Tuesday, November 03, 2009

Day 44 (Round IV) "In the trenches": program-notes edition

OK, this is crunch week. Between the emotional melt-downs and the procedural brain-lock and the fires going off on my desk and exploding every time I open the laptop, there's not really much time to think, much less blog. So, bootlegging from responses to a former student's email interview, here are some thoughts about program notes--and why you might choose to use or not use them:

1) Do you like having program notes in programs when you are an audience member?

It depends on the repertoire. If it is unfamiliar to me, then yes, I appreciate context, history, biography, functional information. I am less interested in those sorts of notes that focus primarily upon musical construction or compositional form: as a historian, I am more interested in the "where did it come from?" questions

2) Do you read them? If so, when (before the concert starts, as it goes, afterwards, etc.)?

Always. Usually before--I have a low tolerance for waiting. During a concert, I would hope that the performer would be sufficiently riveting that I would not wish to look away from the stage.

3) What is the point of program notes? Who are they for?

Seems to me it varies. But what they *should* do, and who they *should* address, is any or all members of the audience whose enjoyment and emotional response to the music might be heightened by a better understanding of the music's original contexts, participants, settings, and/or function.

4) Who should write them? The performer of the concert? The composer? An outside scholar/musicologist?

Depends on the repertoire. If the composer is alive and available, I would certainly be interested to hear her/his thoughts. Absent that, any competent performer should be able to write effective program notes. If a performer does not have the knowledge and the writing skill to articulate content/background/intent, then I believe that performer has some skills still to learn.

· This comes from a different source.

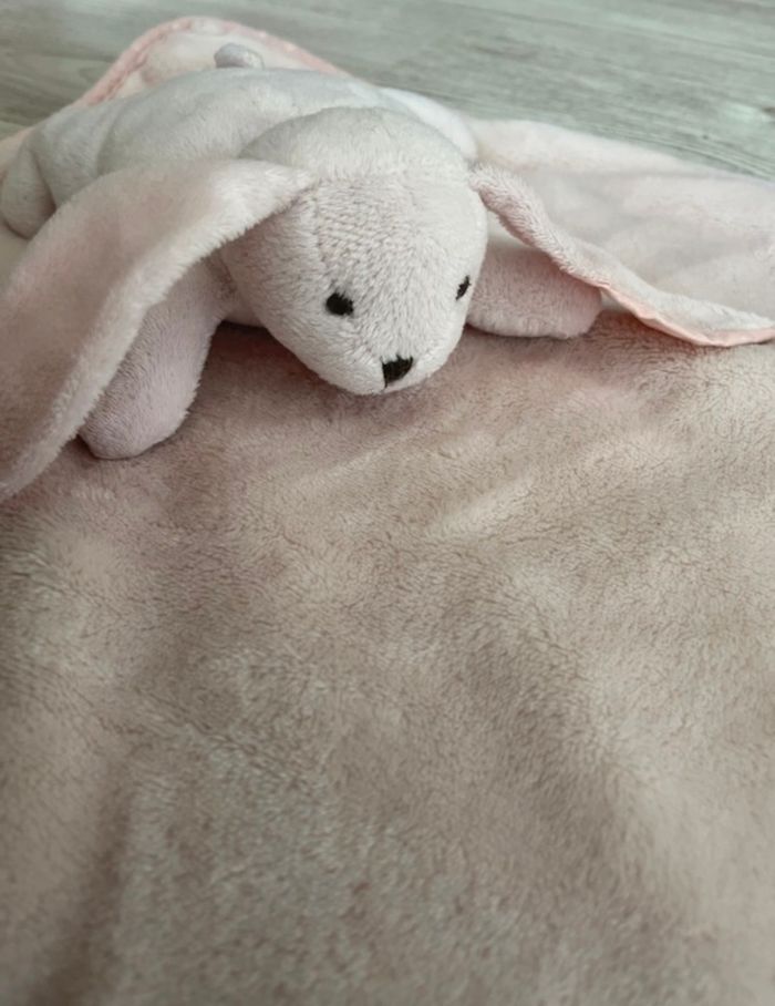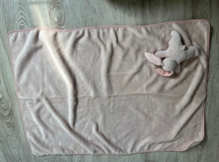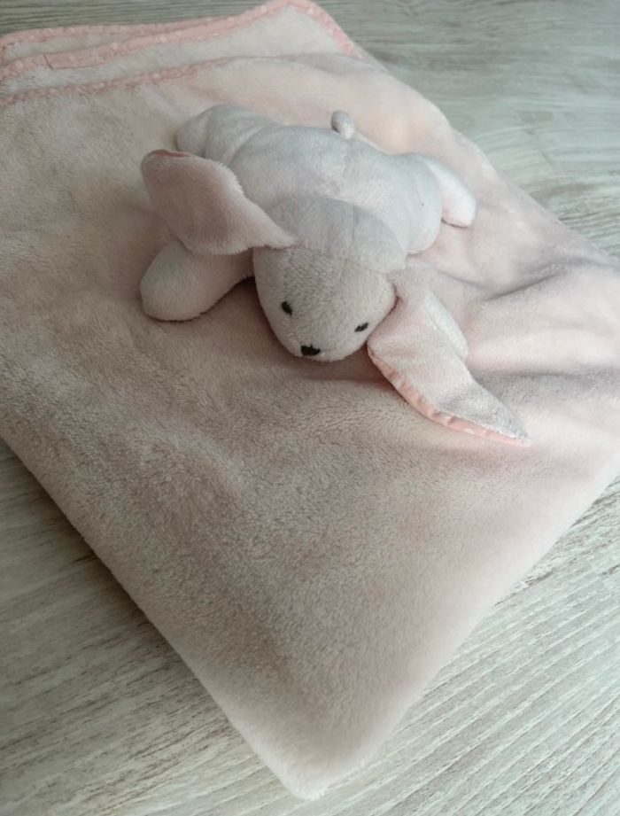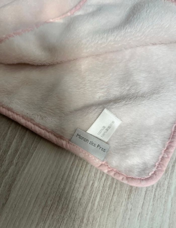 Couverture rose molletonnée avec un doudou inclus de marque Manon des pres neuf jamais servis. Juste était lavé

5) What kinds of information do you think belong in program notes? What kinds of things should NOT be included?

See above, #1. In addition, I think that texted music, especially if in unfamiliar languages, should have notes which at least synopsize if they do not literally translate those texts. On the other hand, too-extensive a set of translations can cause some audience members to look at the text rather than the stage; to avoid this, I will often use synopses, so that audience members can follow the text/narrative as they watch the performance.

6) Are there any situations where you think a program note is absolutely essential?

See #5 above--and especially if either the languages or repertoires being employed are unfamiliar to the audience. If music is about communication, and there is a language barrier, notes can help bridge that gap.

7) Are there any situations where you think a program note is absolutely inappropriate?

Perhaps not "inappropriate", but less necessary and in fact cumbersome: In any situation in which the performers can simply *address the audience*--and I would include in that *most concert repertoires*--notes become much less important. I would submit that performers should be able to speak extemporaneously, knowledgably, and engagingly about the music they're playing, just as they should be able to write about it in the same fashion. If a performer cannot speak (or write) in this fashion about the music s/he is playing, I believe there are some skills still to be learned.